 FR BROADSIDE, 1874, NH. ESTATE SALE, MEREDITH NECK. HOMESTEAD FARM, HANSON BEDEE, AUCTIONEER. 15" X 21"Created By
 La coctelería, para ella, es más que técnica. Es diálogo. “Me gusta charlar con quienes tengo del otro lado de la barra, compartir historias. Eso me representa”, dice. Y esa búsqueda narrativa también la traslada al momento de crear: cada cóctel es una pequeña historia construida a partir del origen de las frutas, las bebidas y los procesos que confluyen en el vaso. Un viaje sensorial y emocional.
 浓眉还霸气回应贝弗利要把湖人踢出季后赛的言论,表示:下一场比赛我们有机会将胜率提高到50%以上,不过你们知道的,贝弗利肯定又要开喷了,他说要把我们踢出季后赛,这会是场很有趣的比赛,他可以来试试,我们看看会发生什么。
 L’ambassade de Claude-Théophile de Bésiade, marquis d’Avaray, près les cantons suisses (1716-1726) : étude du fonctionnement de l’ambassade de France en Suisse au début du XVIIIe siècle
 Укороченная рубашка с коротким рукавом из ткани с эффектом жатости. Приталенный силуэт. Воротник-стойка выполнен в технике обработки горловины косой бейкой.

● Aim of the exercise: Return the full listing. Keep each line exactly as it stands.

● Solution:
 FR BROADSIDE, 1874, NH. ESTATE SALE, MEREDITH NECK. HOMESTEAD FARM, HANSON BEDEE, AUCTIONEER. 15" X 21"Created By
 La coctelería, para ella, es más que técnica. Es diálogo. “Me gusta charlar con quienes tengo del otro lado de la barra, compartir historias. Eso me representa”, dice. Y esa búsqueda narrativa también la traslada al momento de crear: cada cóctel es una pequeña historia construida a partir del origen de las frutas, las bebidas y los procesos que confluyen en el vaso. Un viaje sensorial y emocional.
 浓眉还霸气回应贝弗利要把湖人踢出季后赛的言论,表示:下一场比赛我们有机会将胜率提高到50%以上,不过你们知道的,贝弗利肯定又要开喷了,他说要把我们踢出季后赛,这会是场很有趣的比赛,他可以来试试,我们看看会发生什么。
 L’ambassade de Claude-Théophile de Bésiade, marquis d’Avaray, près les cantons suisses (1716-1726) : étude du fonctionnement de l’ambassade de France en Suisse au début du XVIIIe siècle
 Укороченная рубашка с коротким рукавом из ткани с эффектом жатости. Приталенный силуэт. Воротник-стойка выполнен в технике обработки горловины косой бейкой.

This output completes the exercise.